The Bright Side

weekend addiction

Bluelighter
Joined
Mar 21, 2007
Messages
4,203
Location
The country with the world's most prisoners.
I never really considered myself a drug addict. I was always self medicating my anxiety, ADHD, and occasional bouts of depression. Finding the right medicine was hard for me. I have tried a plethora of anti-depressants, anxiety meds, street drugs, herbal remedies, you name it. But I finally reached a breaking point. Through a long series of failures that led to a nervous breakdown I finally found medicine that works for me. I just want to let everyone know that you can find it to. Don't give up because there is something out there that will work for everyone I am confident of that. Once you do, you can move over to the bright side.

Will I still do drugs? Hell yah. But because I want to, not because I have to.

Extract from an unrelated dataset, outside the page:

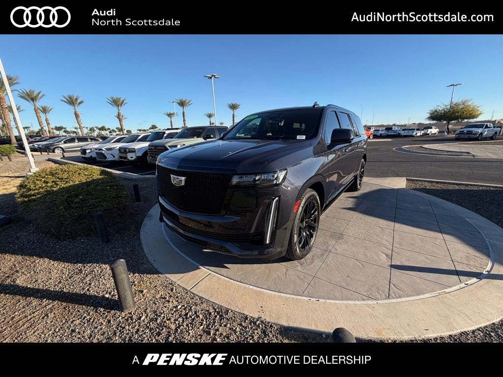 AWD, 16.9" Diagonal OLED Infotainment Screen, 2-Presets Memory For Driver Seat Adjuster, 2-Speed Active Transfer Case, 3 Years of OnStar & Connected Services Plan, 3.23 Axle Ratio, 3rd row seats: split-bench, 4-Way Power Driver Lumbar Seat Adjuster, 4-Way Power Front Passenger Lumbar Seat Adjuster, 4-Wheel Disc Brakes, 8-Way Power Driver Seat Adjuster, 8-Way Power Front Passenger Seat Adjuster, A/V remote, ABS brakes, Adaptive Cruise Control, Adaptive suspension, Air Conditioning, Air Ride Adaptive Suspension, AKG Studio Reference 36-Speaker Audio System, All-Weather Floor Liner Package (LPO), All-Weather Integrated Cargo Liner (LPO), Alloy wheels, AM/FM radio: SiriusXM with 360L, Apple CarPlay/Android Auto, Audio memory, Auto High-beam Headlights, Auto tilt-away steering wheel, Auto-dimming door mirrors, Automatic Seat Belt Tightening, Automatic temperature control, Body-Color Door Handles, Brake assist, Bumpers: body-color, Compass, Cooled Console w/Covered Storage, Delay-off headlights, Door auto-latch, Door Lock & Latch Shields, Driver door bin, Driver vanity mirror, Dual front impact airbags, Dual front side impact airbags, Electronic Limited-Slip Differential, Electronic Stability Control, Emergency communication system: OnStar and Cadillac connected services capable, Enhanced Automatic Emergency Braking, Enhanced Automatic Parking Assist, Exterior Parking Camera Rear, Extra Capacity Cooling System, Floor Console w/Covered Storage, Floor Liner Package (LPO), Four wheel independent suspension, Front anti-roll bar, Front Auxiliary 12-volt Power Outlet, Front Bucket Seats, Front Center Armrest w/Storage, Front dual zone A/C, Front License Plate Bracket, Front reading lights, Full Semi-Aniline Leather Seat Trim, Fully automatic headlights, Garage door transmitter, Genuine wood console insert, Genuine wood dashboard insert, Genuine wood door panel insert, Glass Breakage Sensor, Gloss Black Escalade Nameplate (LPO), HD Radio, Headphones, Heads-Up Display, Heated & Ventilated Driver & Front Passenger Seats, Heated door mirrors, Heated Driver & Front Passenger Seats, Heated front seats, Heated rear seats, Heated steering wheel, Heavy-Duty Trailering Package, Hitch Guidance w/Hitch View, Illuminated entry, Illuminating Front & Rear Sill Plates, Integrated Trailer Brake Controller, Leather steering wheel, Low tire pressure warning, Magnetic Ride Control Suspension, Memory seat, Monochrome Cadillac Emblems (LPO), Navigation System, Night Vision, Not Equipped w/2nd Row Express-Up Window Control, Occupant sensing airbag, Onyx Package (LPO), Outside temperature display, Overhead airbag, Overhead console, Panic alarm, Passenger door bin, Passenger vanity mirror, Platinum Interior Trim, Power door mirrors, Power driver seat, Power Liftgate, Power Lumbar Massage Driver Seat, Power Lumbar Massage Front Passenger Seat, Power moonroof, Power Panoramic Tilt-Sliding Sunroof, Power passenger seat, Power steering, Power windows, Power-Retractable Assist Steps, Preferred Equipment Group 1SH, Radio data system, Radio: AM/FM w/Navigation, Rain sensing wipers, Rear air conditioning, Rear anti-roll bar, Rear audio controls, Rear Camera Mirror, Rear Camera Mirror Washer, Rear Cross Traffic Alert, Rear reading lights, Rear Seat Entertainment System, Rear window defroster, Rear window wiper, Reconfigurable Full-Color Head-Up Display, Remote keyless entry, Reverse Automatic Braking, Running Board Assist Steps, Security system, SiriusXM w/360L, Smart Trailer Integration Indicator, Soft Closing Front & Rear Doors, Speed control, Split folding rear seat, Spoiler, Sport Pedal Cover Kit (LPO), Steering wheel memory, Steering wheel mounted audio controls, Super Cruise, Tachometer, Teen Driver, Telescoping steering wheel, Theft-Deterrent Alarm System, Tilt steering wheel, Touring Package, Traction control, Trailer Side Blind Zone Alert, Trailer Tire Pressure Monitoring System, Trailering Assist Guidelines, Trip computer, Turn signal indicator mirrors, Variably

I have realized that its time for a break and I am not going back to my old ways. I've said it to myself a thousand times. But I have never acted on it. Today I acted on it. I had some money and used it to fill a prescription for my meds even though my family would have paid for them. I could have bought a bag of weed or some beer. I walked to the pharmacy and passed beer bottles and cans the whole way. I looked at the familiar brands: Icehouse, Bud Light, Milwaukee's Best. I remembered the good times I had, and the bad as well. But I recognized that I didn't NEED a beer. I didn't even want one. I'm taking care of my needs right now. And I don't need drugs.

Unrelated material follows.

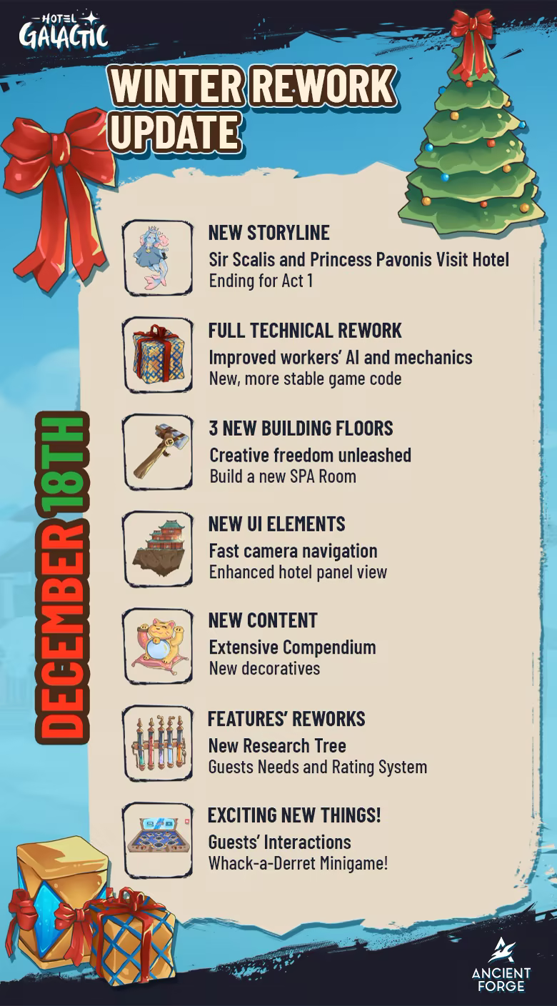 “We're already closely monitoring all the mentions and discussions about Hotel Galactic, be it on our official Discord server, the Steam forums or out there on the web. Your opinions and thoughts on the game are crucial to us, as we want you to have an unforgettable experience with Hotel Galactic.

I will never quit drinking for good. Or pot. I'm sure of that. But there's a time in every man's life when enough is enough. I have been rich and poor, happy and sad. Right now I need to get my finances straight. I can't do that if I'm throwing my money away on dime bags and 12 packs. Good luck for those of you on this journey. It's a long hard road to sanity but before you know it you'll be on the other side.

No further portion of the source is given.